(Records excerpted from a collection)
┄┄┄┄┄┄┄┄┄┄┄┄┄┄┄┄┄┄┄┄
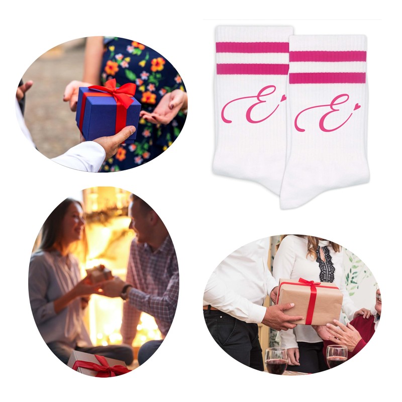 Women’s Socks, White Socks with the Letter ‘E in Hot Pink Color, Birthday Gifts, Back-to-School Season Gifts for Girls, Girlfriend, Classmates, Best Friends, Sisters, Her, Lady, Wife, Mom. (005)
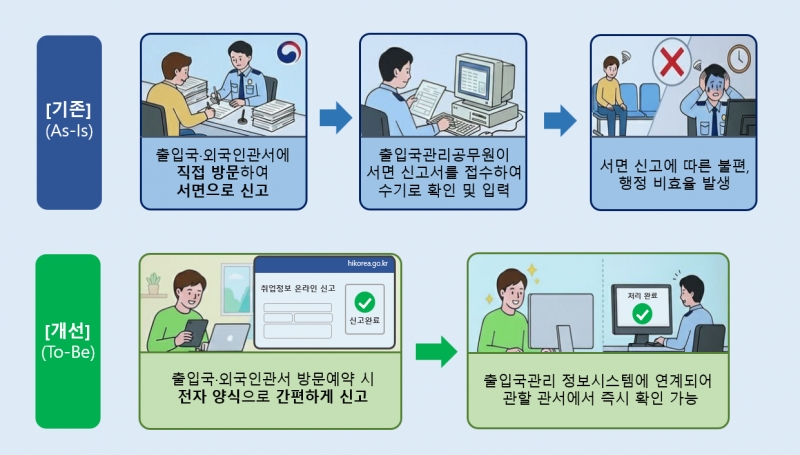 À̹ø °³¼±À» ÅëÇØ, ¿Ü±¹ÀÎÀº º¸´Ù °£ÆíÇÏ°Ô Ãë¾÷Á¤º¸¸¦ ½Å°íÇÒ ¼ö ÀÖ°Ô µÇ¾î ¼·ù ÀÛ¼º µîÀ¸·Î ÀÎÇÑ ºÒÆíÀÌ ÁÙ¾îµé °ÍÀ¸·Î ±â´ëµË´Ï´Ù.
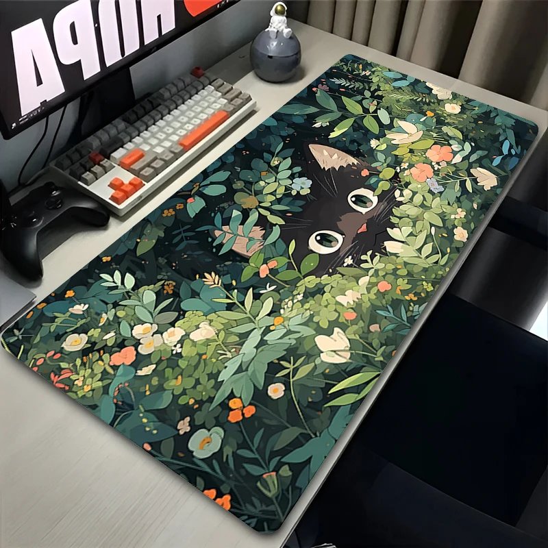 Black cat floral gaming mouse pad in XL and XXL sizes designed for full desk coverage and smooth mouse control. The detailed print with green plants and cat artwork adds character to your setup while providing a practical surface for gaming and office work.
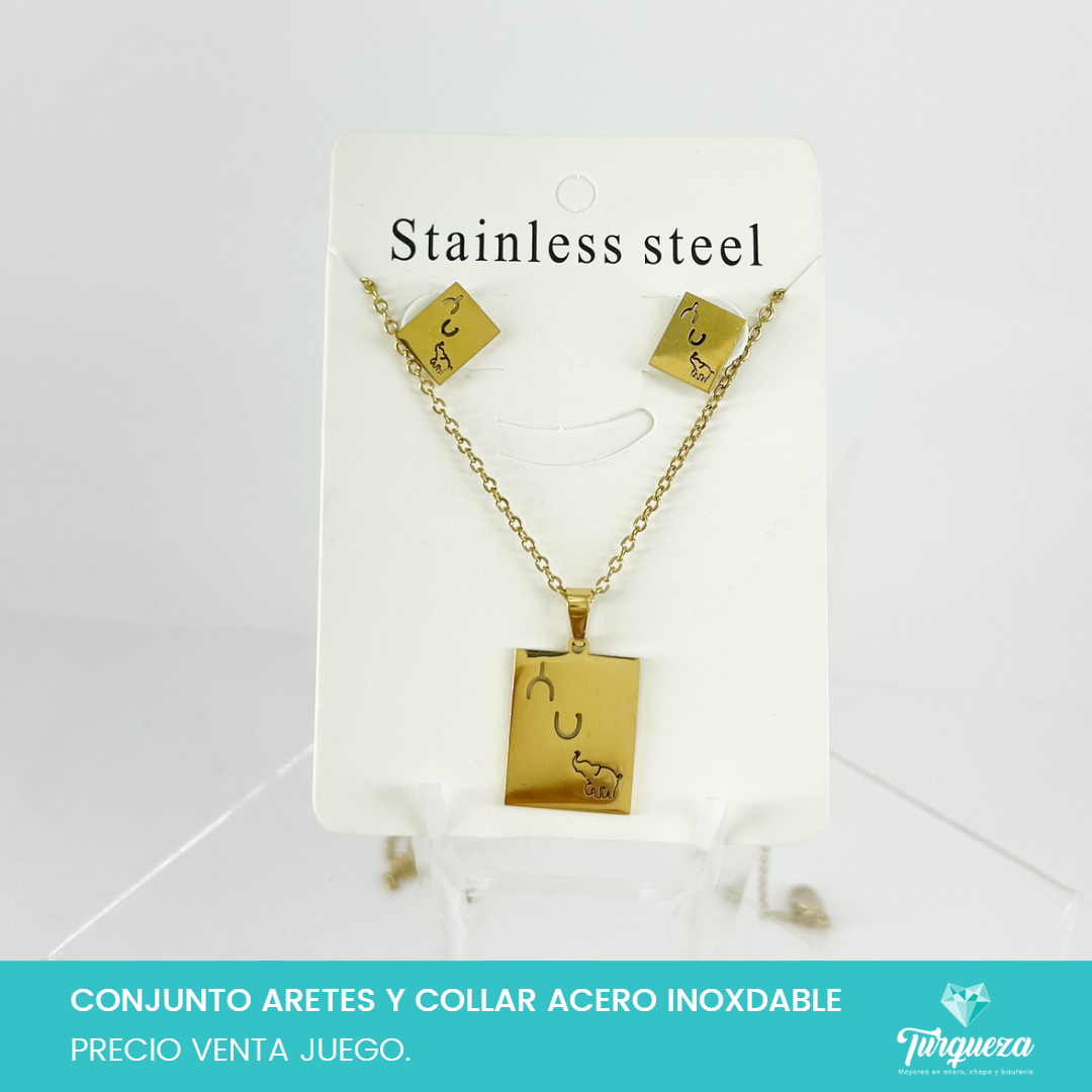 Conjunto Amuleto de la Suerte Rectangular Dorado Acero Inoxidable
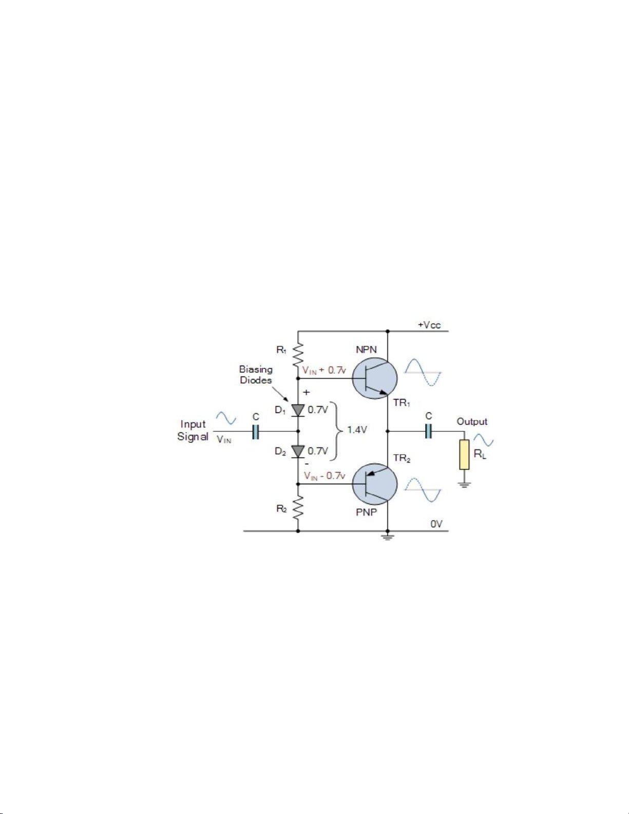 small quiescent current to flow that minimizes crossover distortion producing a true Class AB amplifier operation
┄┄┄┄┄┄┄┄┄┄┄┄┄┄┄┄┄┄┄┄
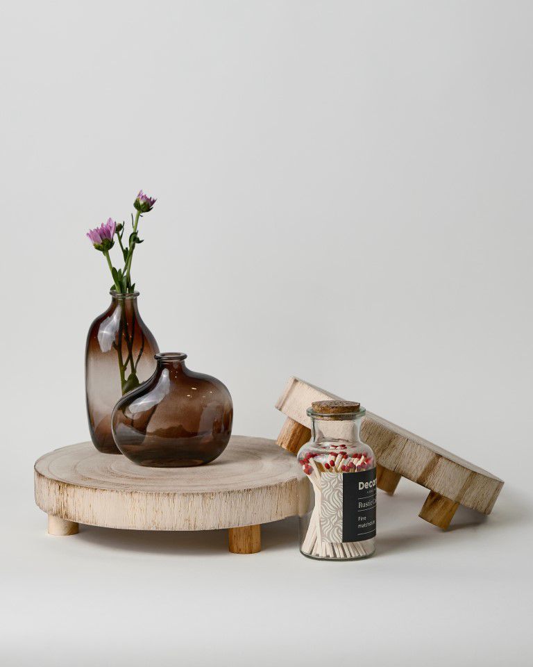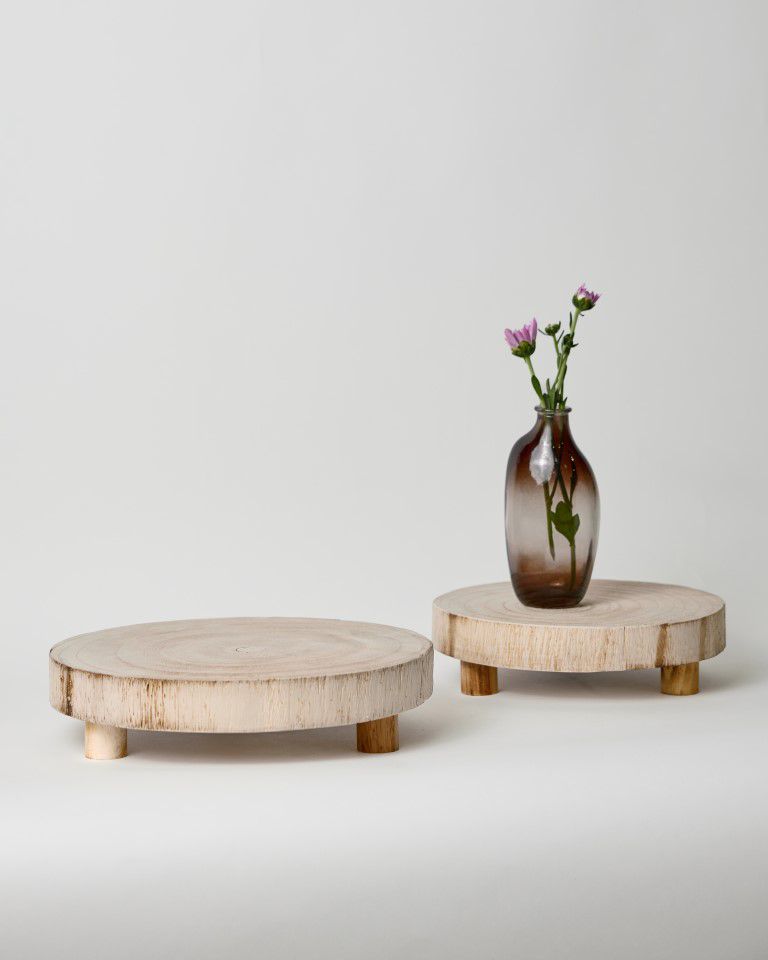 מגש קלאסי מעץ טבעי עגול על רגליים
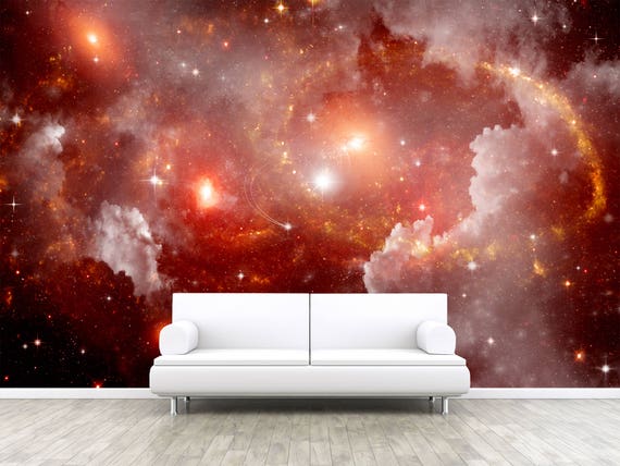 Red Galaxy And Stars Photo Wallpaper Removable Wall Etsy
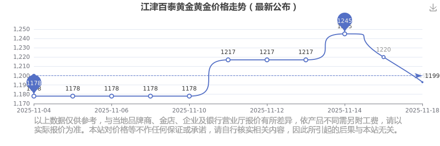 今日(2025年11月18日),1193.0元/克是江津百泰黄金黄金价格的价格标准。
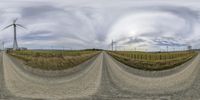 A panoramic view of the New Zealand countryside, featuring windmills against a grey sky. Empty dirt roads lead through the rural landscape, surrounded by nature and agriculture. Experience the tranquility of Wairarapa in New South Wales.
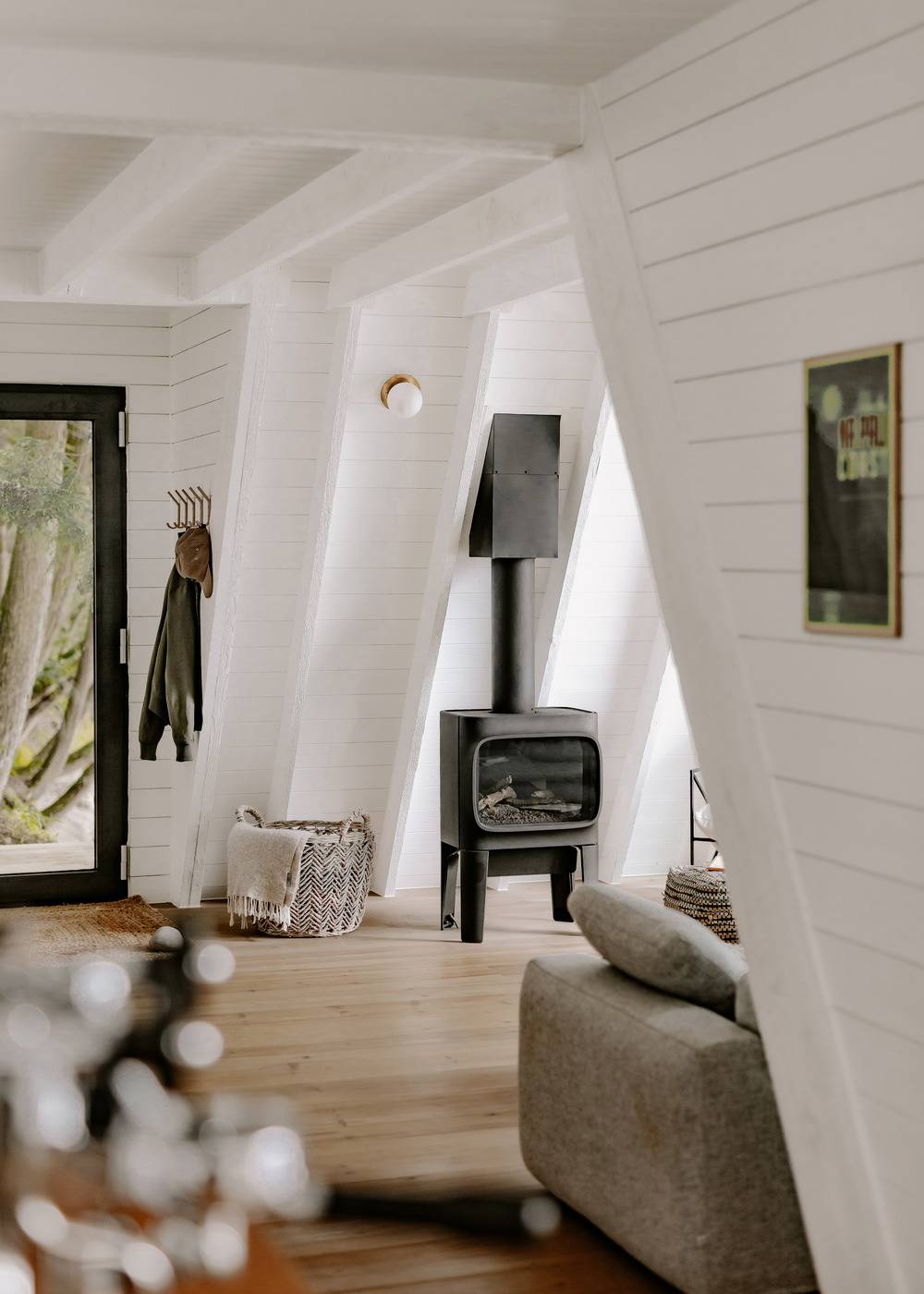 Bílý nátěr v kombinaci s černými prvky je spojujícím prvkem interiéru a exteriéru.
┄┄┄┄┄┄┄┄┄┄┄┄┄┄┄┄┄┄┄┄
Reproduce, word for word, only the lines in the records above from the line with "Women’s Socks, White" through the line with "ÁÙ¾îµé °ÍÀ¸·Î ±â´ëµË´Ï´Ù.", including both ends; omit the pictures.

_Result_
 Women’s Socks, White Socks with the Letter ‘E in Hot Pink Color, Birthday Gifts, Back-to-School Season Gifts for Girls, Girlfriend, Classmates, Best Friends, Sisters, Her, Lady, Wife, Mom. (005)
 À̹ø °³¼±À» ÅëÇØ, ¿Ü±¹ÀÎÀº º¸´Ù °£ÆíÇÏ°Ô Ãë¾÷Á¤º¸¸¦ ½Å°íÇÒ ¼ö ÀÖ°Ô µÇ¾î ¼·ù ÀÛ¼º µîÀ¸·Î ÀÎÇÑ ºÒÆíÀÌ ÁÙ¾îµé °ÍÀ¸·Î ±â´ëµË´Ï´Ù.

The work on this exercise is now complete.